- Developers: Centauri Production, First Reality
- Publisher: Bohemia Interactive
- Designer: Miloš Jeřábek
- Platform: Windows
- Release: 2010
- Mode: Single-player ;

= Alternativa (video game) =

2010 video game

Alternativa (styled as AlternativA) is a 2010 Czech adventure game developed by Centauri Production and published by Bohemia Interactive and IDEA Games for Windows.

== Plot and gameplay ==

Screenshot depicting the game interface

AlternativA is a dystopian adventure game set in the post-apocalyptic future of 2045, where only a global government is in charge. Only two corporations survived: Endora Corporation (mining/construction) and Theolex Industries (technology). Richard Boček is fired from his job for no reason, and so he begins to resist, discovering conspiracy and murder along the way.

The game consists of combination puzzles. In addition, dialogue choices can affect whether Boček will succeed or be captured by the police. The game has difficulty levels; lower ones allow the player to redo a failed dialogue sequence. The game has a mouse controlled interface. It features 2.5D graphics with pre-rendered backgrounds and real-time 3D character models.

== Reception ==
Metacritic aggregates eight reviews to a medium of 61/100.

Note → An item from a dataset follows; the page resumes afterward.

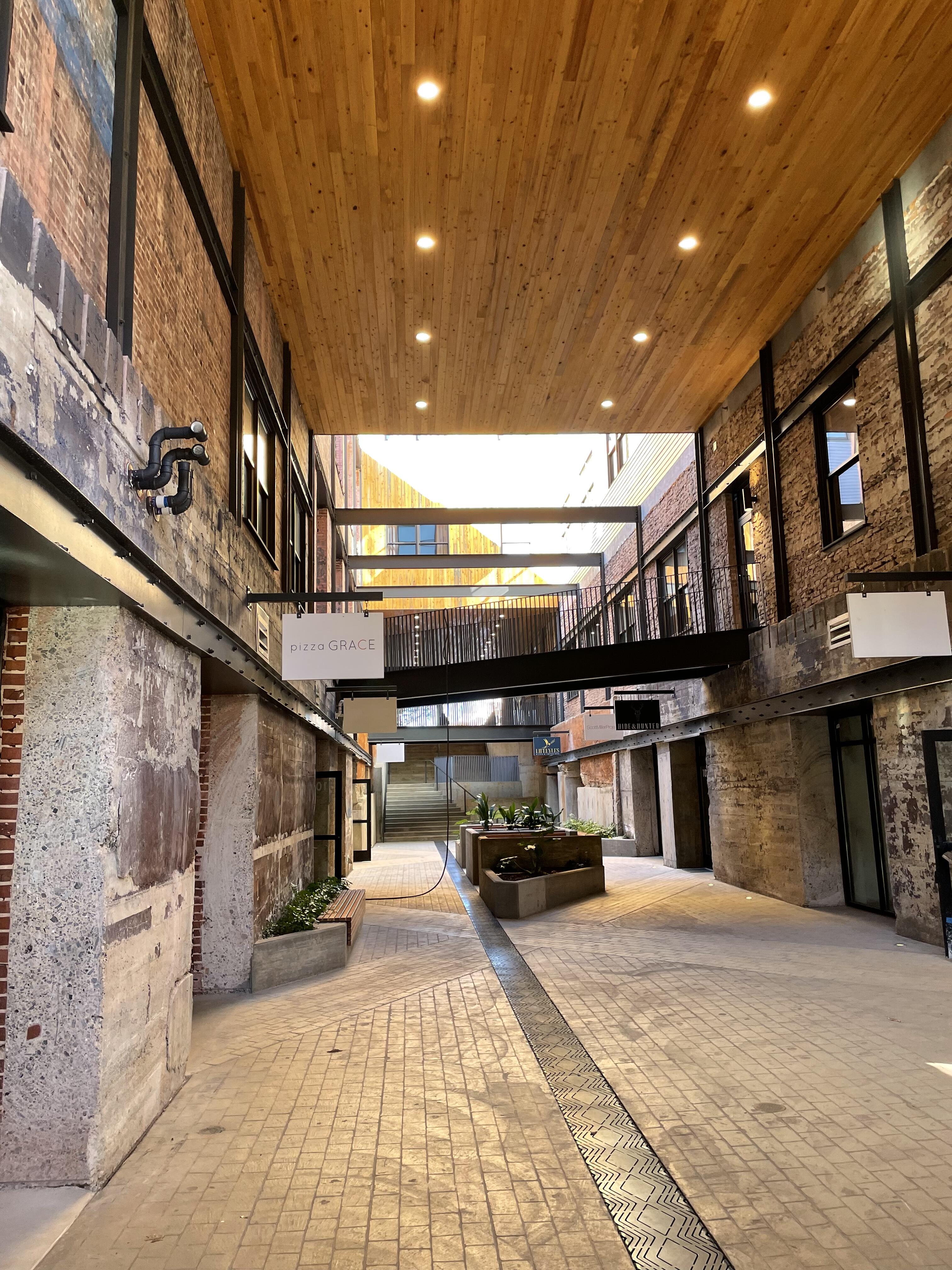 Back in Birmingham for the holidays. Not sure where in Raleigh this could be replicated, but this historic redevelopment is cool. Redeveloped the older brick buildings, built modern condos on top, and then built a public cut through walkway to connect two popular streets with restaurants / businesses in the middle. A nice example of keeping the old, but repurposing it.

Adventure Gamers appreciated the game's thought provoking dark themes. Przygodoskop negatively compared the title to Gemini Rue or the freeware game The Curfew. 4 Players deemed it a mediocre game that promised too much and delivered too little. Adventure-Treff felt that if readers wanted a good sci-fi experience, they were better off playing the then 6-year old title The Moment of Silence instead.